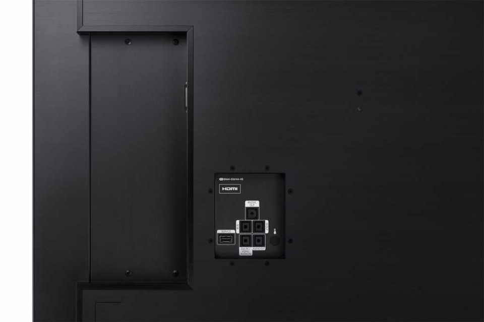 Управлять настройками дисплея Samsung QM98F можно как с помощью кнопок на самой панели, ДУ-пульта, так и по локальной сети или через интернет, для чего в панелях предусмотрен порт RS-232C.
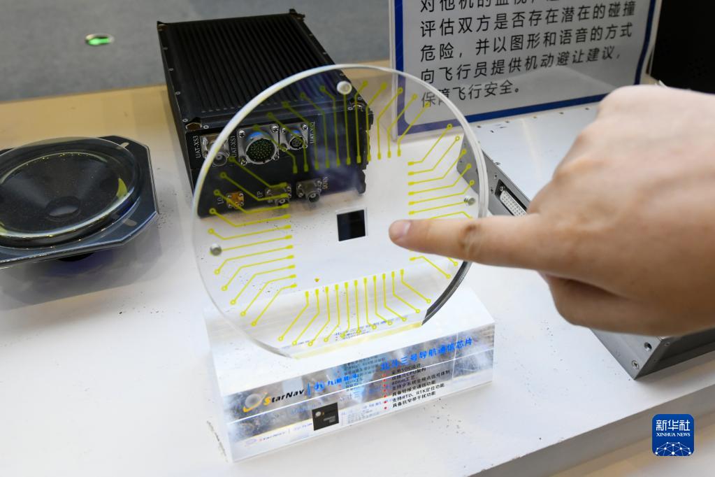 這是在第十屆中國(綿陽)科技城國際科技博覽會(huì)展會(huì)現(xiàn)場展出的北斗三號(hào)導(dǎo)航通信芯片(11月16日攝)。
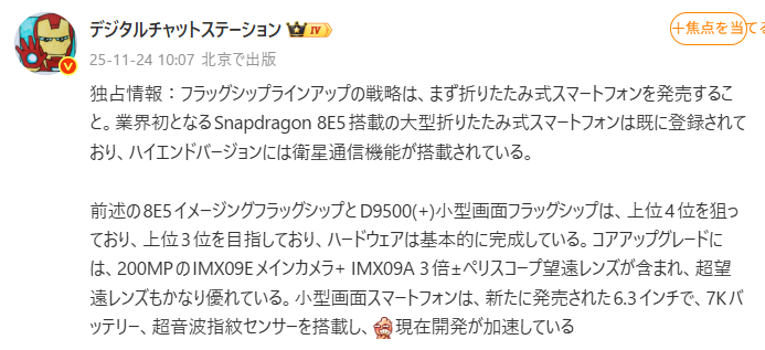 もちろん、パフォーマンス面での不安は残りますが、近年のDimensityシリーズの評価はうなぎ登りです。もしSnapdragon 8 Eliteと同等の処理能力を持ちながら、省電力性能で上回るようなことがあれば、7000mAhのバッテリーと相まって「数日間充電不要」という異次元のスタミナを実現する可能性があります。
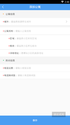 3、进入添加公寓界面,根据如实状况填写,带星号的是必填的,填完后保存就能了,如下图:
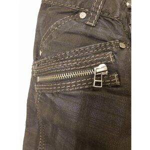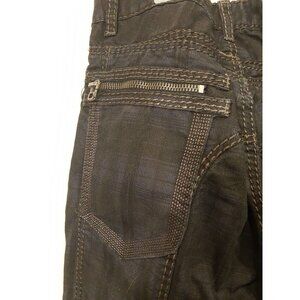 These pre-owned Kosmo Lupo men's jeans are perfect for clubwear. With a mid-rise, straight fit and stretch material, they provide both style and comfort. The black denim fabric adds a sleek touch, while the zipper closure and zipper pockets make them practical for a night out.
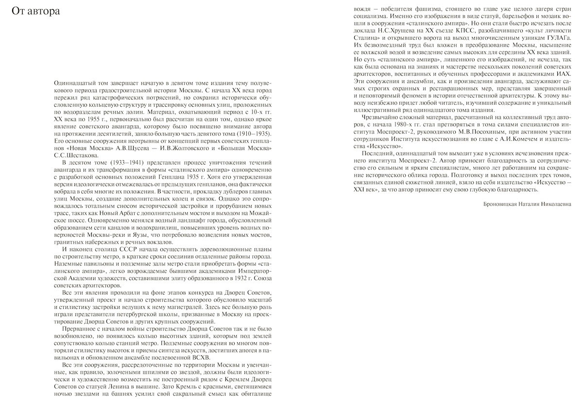 Одиннадцатый том завершает начатую в девятом томе издания тему полувекового периода градостроительной истории Москвы. С начала XX века город пережил ряд катастрофических потрясений, но сохранил исторически обусловленную кольцевую структуру и трассировку основных улиц, проложенных по водоразделам речных долин. Материал, охватывающий период с 10-х гг. XX века по 1955 г., первоначально был рассчитан на один том, однако яркое явление советского авангарда, которому было посвящено внимание автора на протяжении десятилетий, заняло большую часть девятого тома (1910-1935).

#####

WHAT THIS TASK INVOLVES:
Each line of the listing above belongs in the answer exactly as written; the pictures do not.

ANSWER:
 Управлять настройками дисплея Samsung QM98F можно как с помощью кнопок на самой панели, ДУ-пульта, так и по локальной сети или через интернет, для чего в панелях предусмотрен порт RS-232C.
 這是在第十屆中國(綿陽)科技城國際科技博覽會(huì)展會(huì)現(xiàn)場展出的北斗三號(hào)導(dǎo)航通信芯片(11月16日攝)。
 もちろん、パフォーマンス面での不安は残りますが、近年のDimensityシリーズの評価はうなぎ登りです。もしSnapdragon 8 Eliteと同等の処理能力を持ちながら、省電力性能で上回るようなことがあれば、7000mAhのバッテリーと相まって「数日間充電不要」という異次元のスタミナを実現する可能性があります。
 3、进入添加公寓界面,根据如实状况填写,带星号的是必填的,填完后保存就能了,如下图:
 These pre-owned Kosmo Lupo men's jeans are perfect for clubwear. With a mid-rise, straight fit and stretch material, they provide both style and comfort. The black denim fabric adds a sleek touch, while the zipper closure and zipper pockets make them practical for a night out.
 Одиннадцатый том завершает начатую в девятом томе издания тему полувекового периода градостроительной истории Москвы. С начала XX века город пережил ряд катастрофических потрясений, но сохранил исторически обусловленную кольцевую структуру и трассировку основных улиц, проложенных по водоразделам речных долин. Материал, охватывающий период с 10-х гг. XX века по 1955 г., первоначально был рассчитан на один том, однако яркое явление советского авангарда, которому было посвящено внимание автора на протяжении десятилетий, заняло большую часть девятого тома (1910-1935).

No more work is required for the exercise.